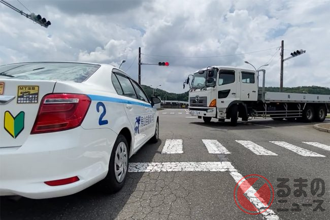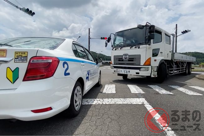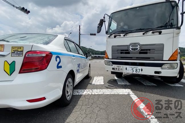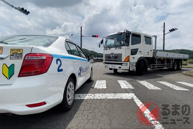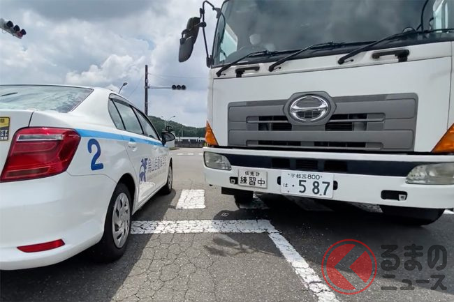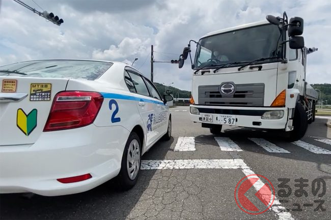 しかし、教習車が停止位置を過ぎて停まっていることから、トラックとぶつかりそうになっていることが分かります。
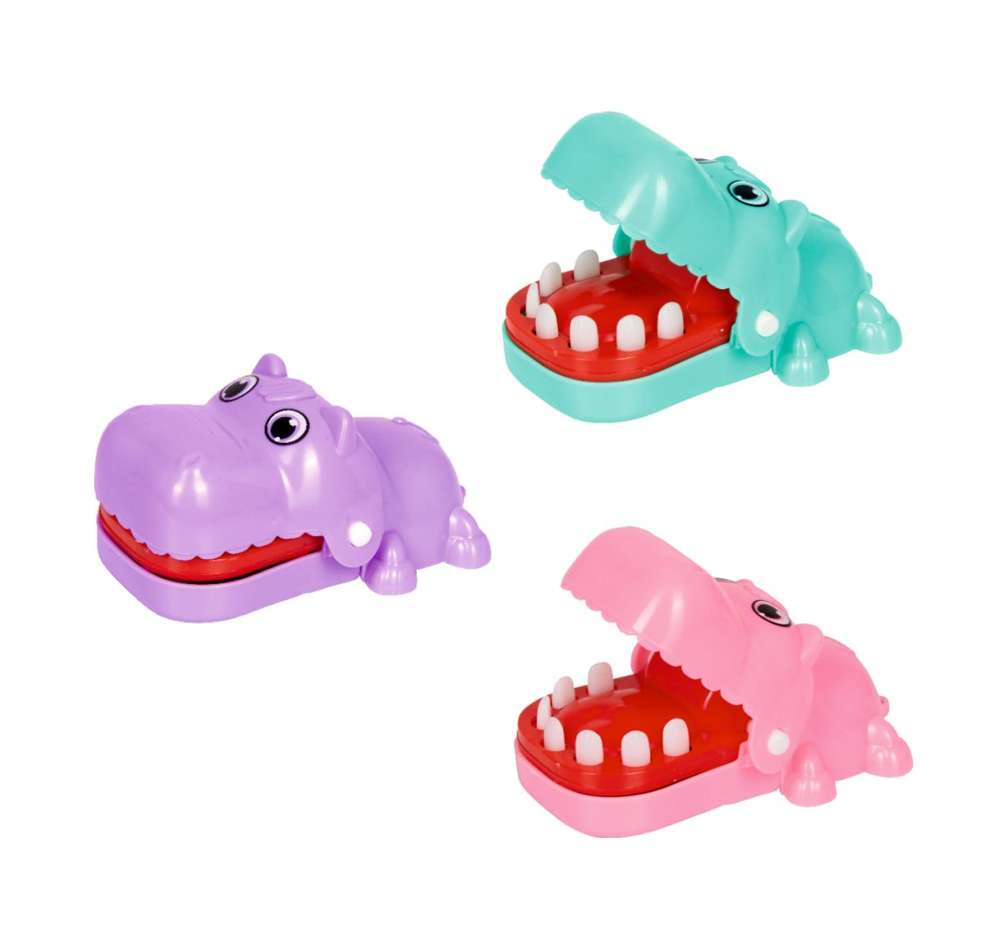 Lustiges Schnapp Spielzeug für Kinder: wem beisst das Nilpferd zuerst in den Finger? Eine lustige Alternative zum Schnapp Krokodil. Erhältlich in 3 Farben.
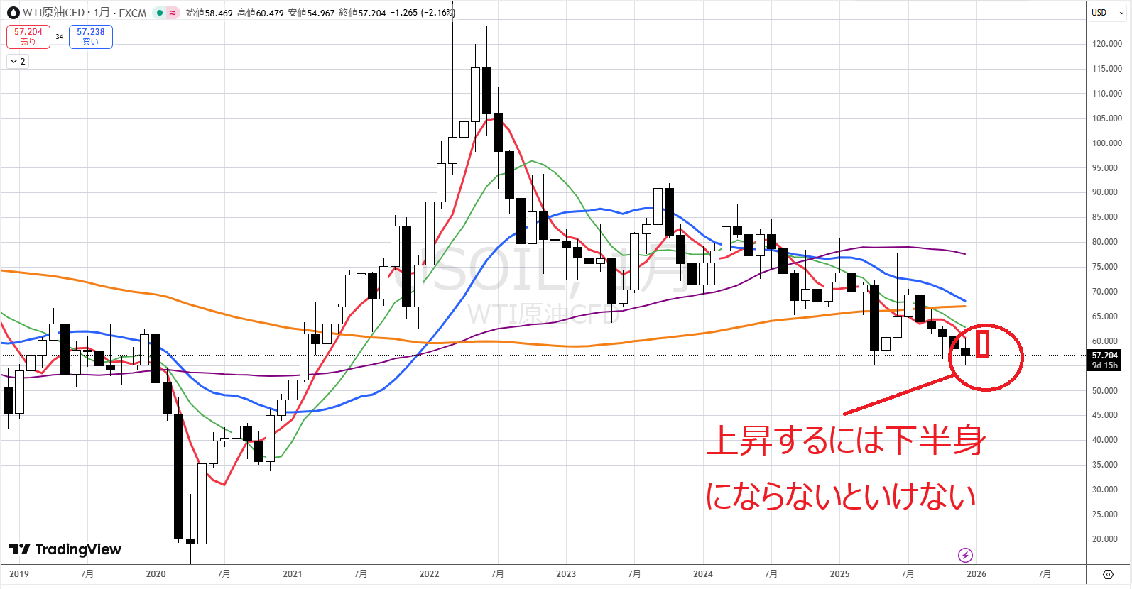 原油が上昇に転じるためには、月足で下半身になる必要がありますので、売り主体で行く必要があります。
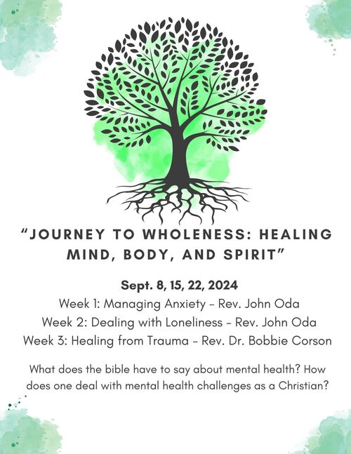 In September we are launching a new sermon series called: “Journey to Wholeness: Healing Mind, Body, and Spirit”. The sermon series will be on September 8th, 15th, & 22nd. It's important for all churches to talk about mental health because faith communities can offer a unique type of support through spiritual care, prayer, and connection. Mental health challenges affect people of all walks of life, and at all stages of life. By addressing mental health through this Fall sermon series, my hope is that Wesley will promote an environment of acceptance, reduce the stigma around talking about mental health and encourage honest conversations.
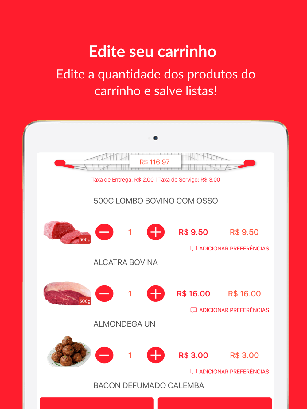 • Adicionar produtos no seu carrinho com um simples tocar e arrastar.
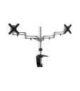 Table/desk stand Sopar FLEXO Desk 23-1010Q for 4 monitor 12""-23 "", 75x75, 100x100, 8kg per bracket. - https://www.sopar.it/prodotto/flexo-desk-2-monitor-13-23/ Профессиональная настольная подставка для размещения двух настольных мониторов с зажимным соединением. Он управляет мониторами с диагональю от 13 до 23 дюймов, с максимальной применимой массой 8 кг. Применимая Vesa составляет 75 ? 75 и 100 ? 100. Кронштейн прочный и элегантный, достаточно, чтобы его можно было вставлять в любую среду, бизнес или потребитель. Крюки, которые движутся вдоль рукавов, позволяют закреплять кабели для точной и чистой установки. Позволяет вращать позиционирование монитора в портретном или альбомном положении. Он выполнен из алюминия и поставляется в серебре, с черными деталями на концах.
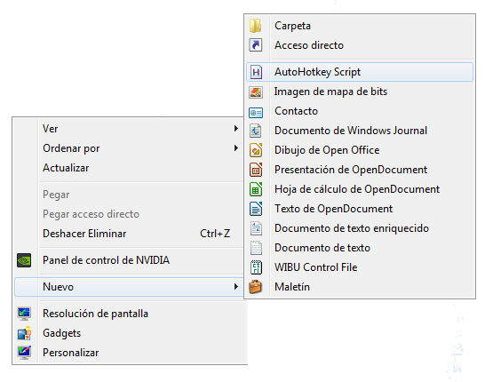 1- Para crear un nuevo script, hacer un clic derecha en el Escritorio, encontrar "nuevo" y pulsar en AutoHotKey Script.
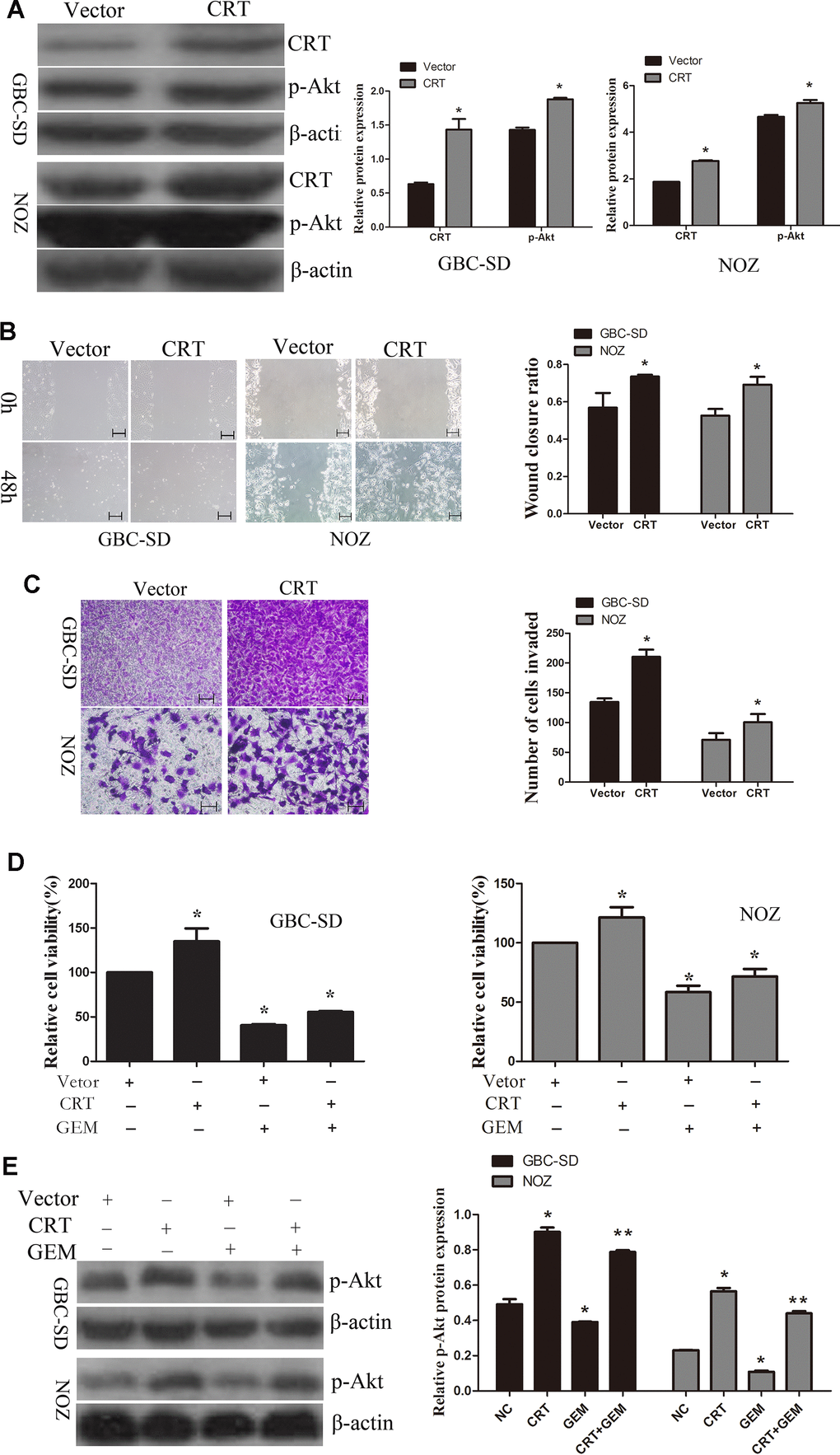 Overexpression of CRT significantly increases cell migration and decreases chemosensitivity of GBC-SD and NOZ cells to GEM through regulation of the PI3K/Akt pathway
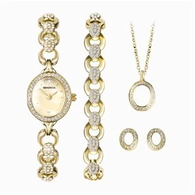 Save Sekonda 49020 Gold Plated Bracelet, Necklace, Earrings And Watch Gift Set - W32302
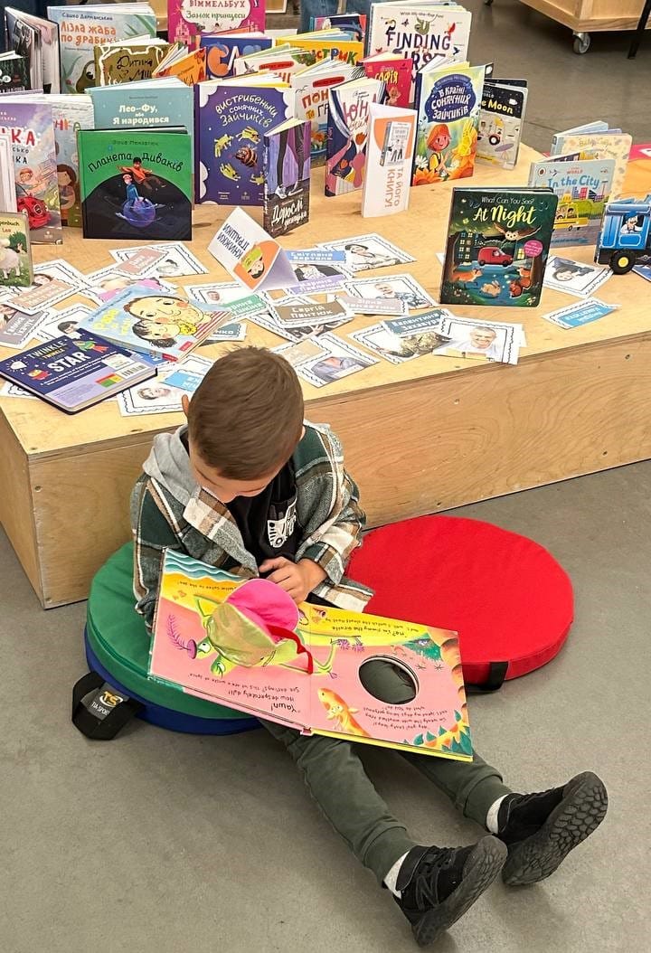 Ну звісно, не обійшлося без казкотерапії – читання книжок та бібліотерапевтичних порад. Початок другого дня фестивалю «Арсенал ідей. Різні разом» на бібліотечному стенді був насичений емоціями та новими відкриттями: дружньо змагалися у настільних іграх, розфарбовували мальопис «Між нами небо», знайомилися з бібліотечними електронними ресурсами, гралися з терапевтичним песиком Хібукі, який дарував усім тепло і радість. І, звісно ж, читали книжки, бо з ними кожен день перетворюється на пригоду. Відвідувачі бібліотечного стенду мали змогу поринути у мистецькі розваги: відкривали казковий світ мисткині Ольги Рапай та український шрифт Рутенія, розглядали унікальні художні альбоми з дивосвітом Марії Примаченко, дитячі книжки- іграшки, віммельбухи, книжки з віконечками; дивувалися дитячим малюнкам в альбомах кращих робіт численних всеукраїнських творчих конкурсів, організатором яких є НБУ для дітей.
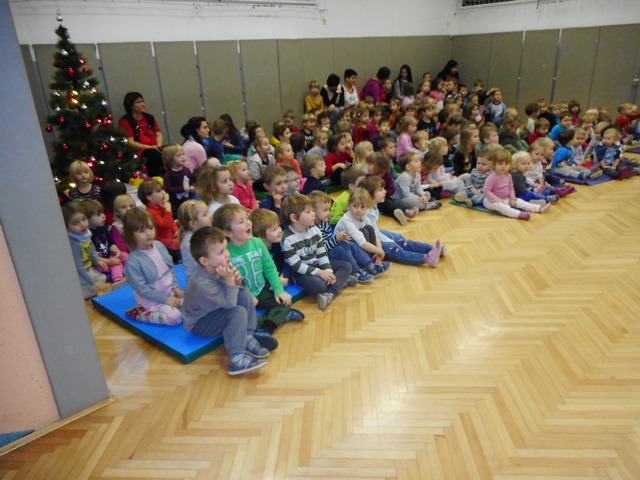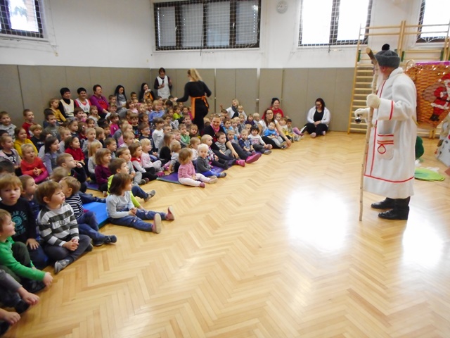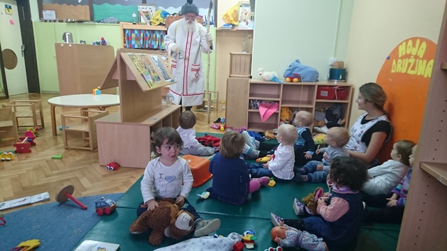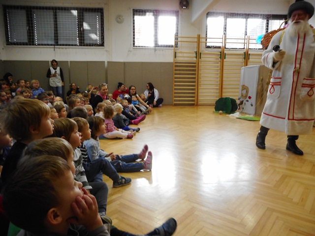 Potem pa so ga otroci glasno poklicali in prišel je s polnim košem daril. Zapeli so mu pesmice in z veseljem je obdaril otroke.
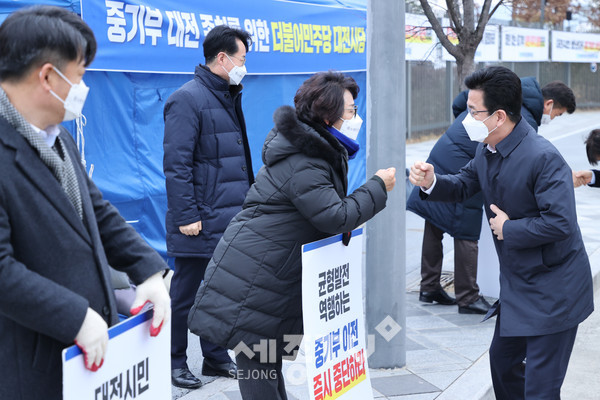 이 날 허태정 시장은 농성중인 시민단체분들을 격려하면서, “17일 정부부처 이전 공청회에 중기부 이전의 부당성과 지역피해 등을 강력히 전달하여 대전시민의 의지를 지켜내겠다.”고 말했다.
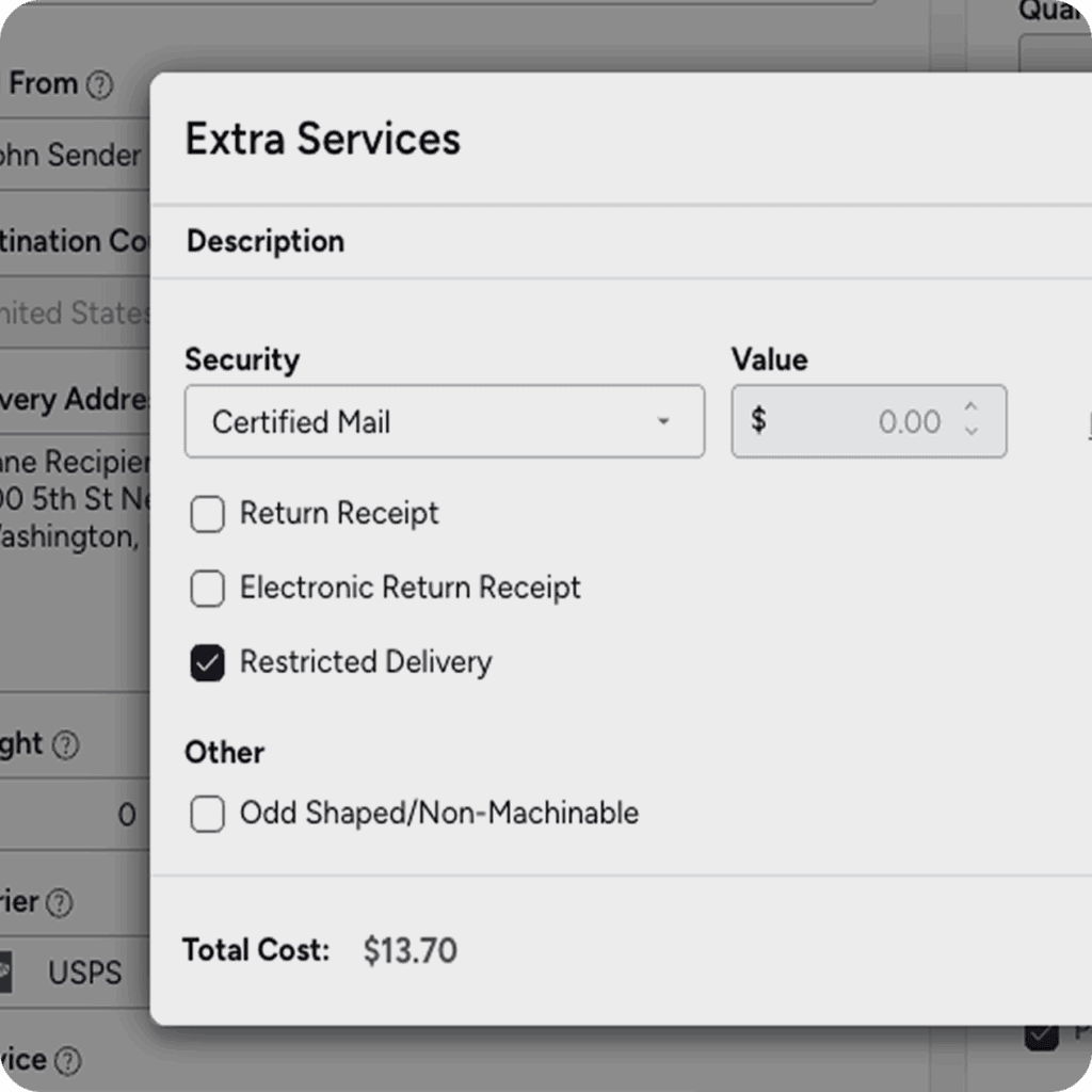 Save where it matters most. Access discounted USPS®, UPS®, FedEx®, DHL®, and GlobalPost® rates from one dashboard. Send letters, Certified Mail®, or small parcels with exclusive discounts unavailable at the counter. Print anywhere, schedule pickups, and simplify mailing—no contracts, no hidden fees.
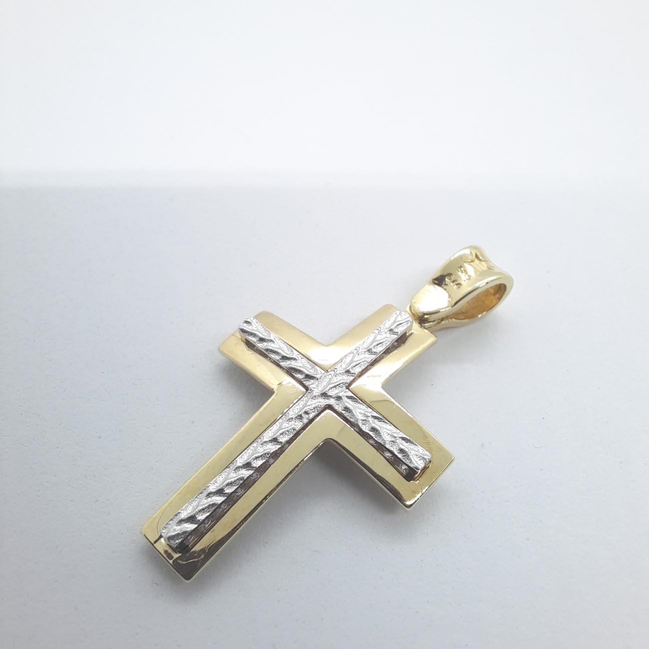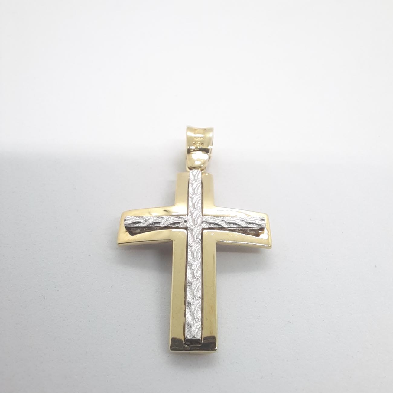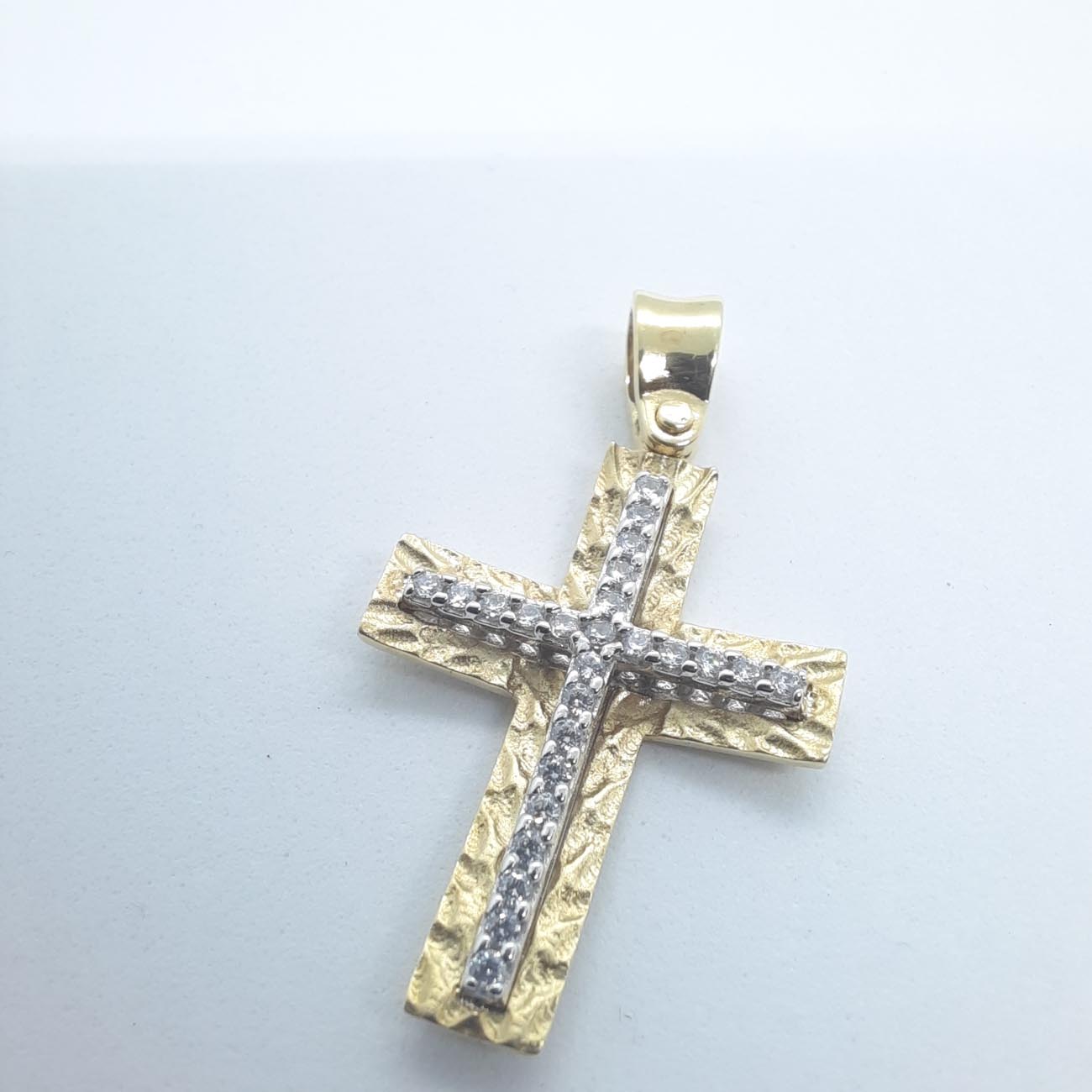 Χρυσός σταυρός με ζιρκόν Κ14 2 όψεων
────────────────────
Problem statement: Only the lines from the one with "Save where it" to the last line of the listing, inclusive, are to be set down, exactly as they stand and without pictures.

Output for this exercise:
 Save where it matters most. Access discounted USPS®, UPS®, FedEx®, DHL®, and GlobalPost® rates from one dashboard. Send letters, Certified Mail®, or small parcels with exclusive discounts unavailable at the counter. Print anywhere, schedule pickups, and simplify mailing—no contracts, no hidden fees.
 Χρυσός σταυρός με ζιρκόν Κ14 2 όψεων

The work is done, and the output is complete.